• [Provided material]:
◆ ◆ ◆ ◆

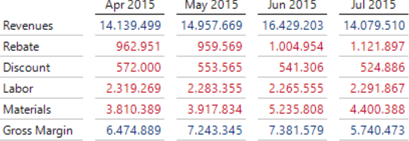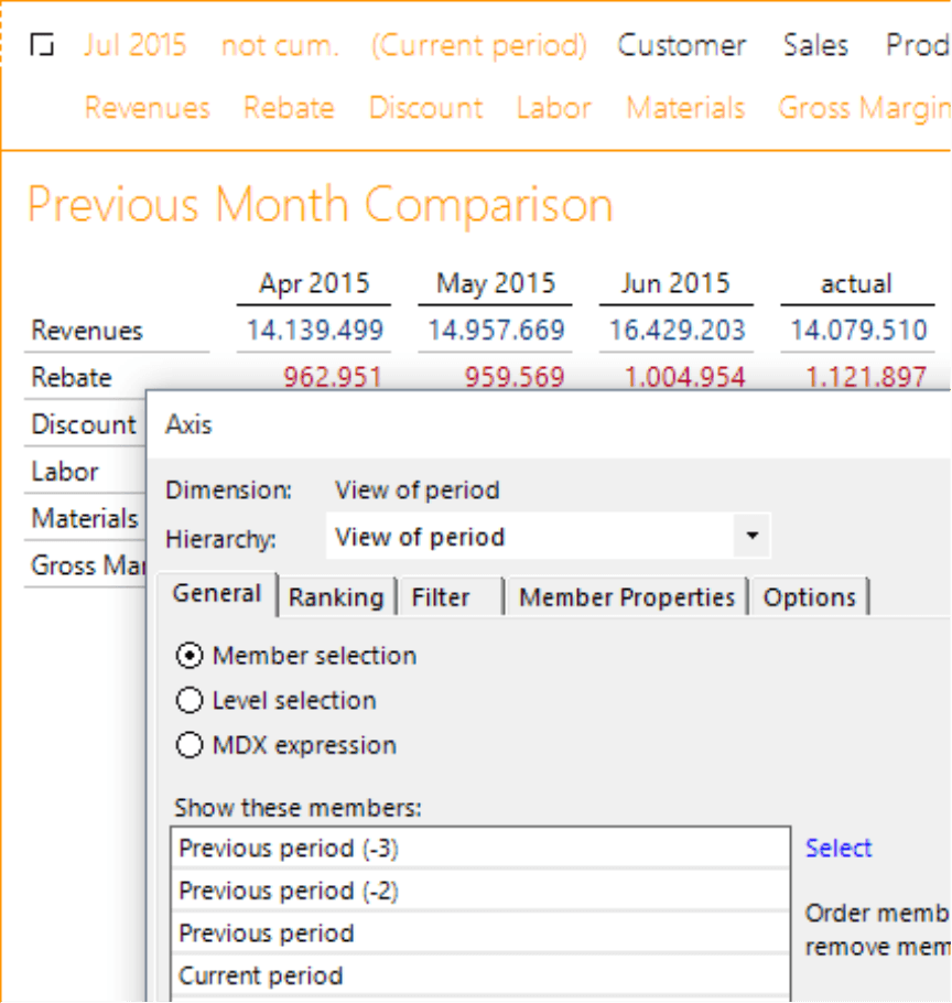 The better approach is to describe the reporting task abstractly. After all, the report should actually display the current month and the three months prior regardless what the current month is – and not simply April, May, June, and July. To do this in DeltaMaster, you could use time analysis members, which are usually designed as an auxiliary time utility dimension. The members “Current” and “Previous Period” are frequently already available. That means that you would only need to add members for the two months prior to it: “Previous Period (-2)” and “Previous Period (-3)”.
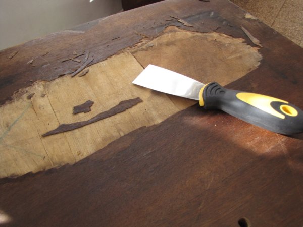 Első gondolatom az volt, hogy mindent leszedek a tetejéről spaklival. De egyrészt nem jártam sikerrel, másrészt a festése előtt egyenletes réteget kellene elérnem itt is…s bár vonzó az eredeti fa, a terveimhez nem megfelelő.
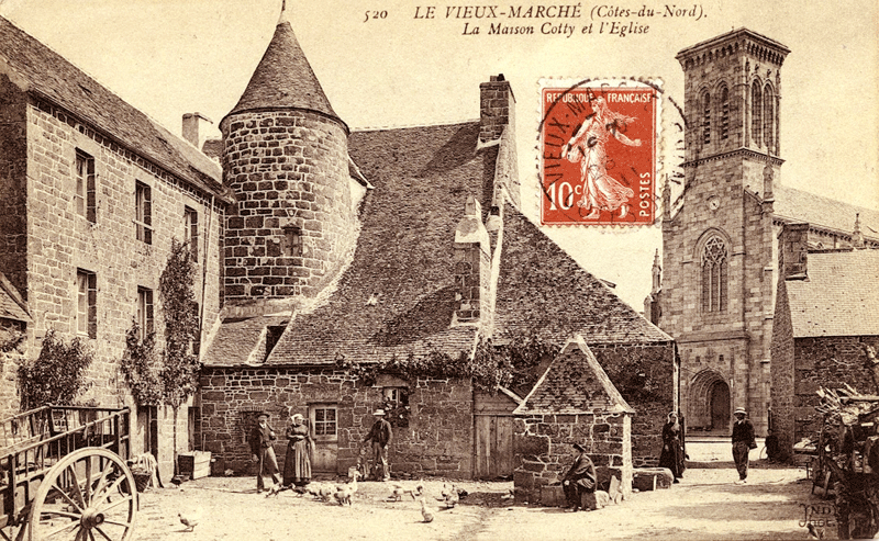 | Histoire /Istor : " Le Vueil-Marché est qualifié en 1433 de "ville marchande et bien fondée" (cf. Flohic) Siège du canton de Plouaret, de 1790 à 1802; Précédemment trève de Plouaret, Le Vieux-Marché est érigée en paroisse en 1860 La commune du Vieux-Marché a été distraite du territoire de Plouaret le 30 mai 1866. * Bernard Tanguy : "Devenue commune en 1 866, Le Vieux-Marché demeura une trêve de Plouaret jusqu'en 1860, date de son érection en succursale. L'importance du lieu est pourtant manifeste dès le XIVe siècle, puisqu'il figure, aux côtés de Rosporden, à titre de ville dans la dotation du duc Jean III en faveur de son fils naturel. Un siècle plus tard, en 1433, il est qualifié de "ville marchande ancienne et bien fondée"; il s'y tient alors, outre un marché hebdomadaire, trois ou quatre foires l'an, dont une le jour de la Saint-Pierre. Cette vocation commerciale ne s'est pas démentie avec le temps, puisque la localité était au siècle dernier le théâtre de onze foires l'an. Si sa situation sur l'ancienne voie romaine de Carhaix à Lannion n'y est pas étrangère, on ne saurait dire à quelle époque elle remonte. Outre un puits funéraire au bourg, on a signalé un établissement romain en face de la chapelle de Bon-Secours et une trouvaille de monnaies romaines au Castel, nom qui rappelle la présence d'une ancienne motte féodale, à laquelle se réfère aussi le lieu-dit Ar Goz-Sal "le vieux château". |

◆ ◆ ◆ ◆

• [Task requirements]: Word for word, restate the lines from the first line of the material through the line containing "Első gondolatom az", with the pictures left out.

• [Exercise answer]:
 The better approach is to describe the reporting task abstractly. After all, the report should actually display the current month and the three months prior regardless what the current month is – and not simply April, May, June, and July. To do this in DeltaMaster, you could use time analysis members, which are usually designed as an auxiliary time utility dimension. The members “Current” and “Previous Period” are frequently already available. That means that you would only need to add members for the two months prior to it: “Previous Period (-2)” and “Previous Period (-3)”.
 Első gondolatom az volt, hogy mindent leszedek a tetejéről spaklival. De egyrészt nem jártam sikerrel, másrészt a festése előtt egyenletes réteget kellene elérnem itt is…s bár vonzó az eredeti fa, a terveimhez nem megfelelő.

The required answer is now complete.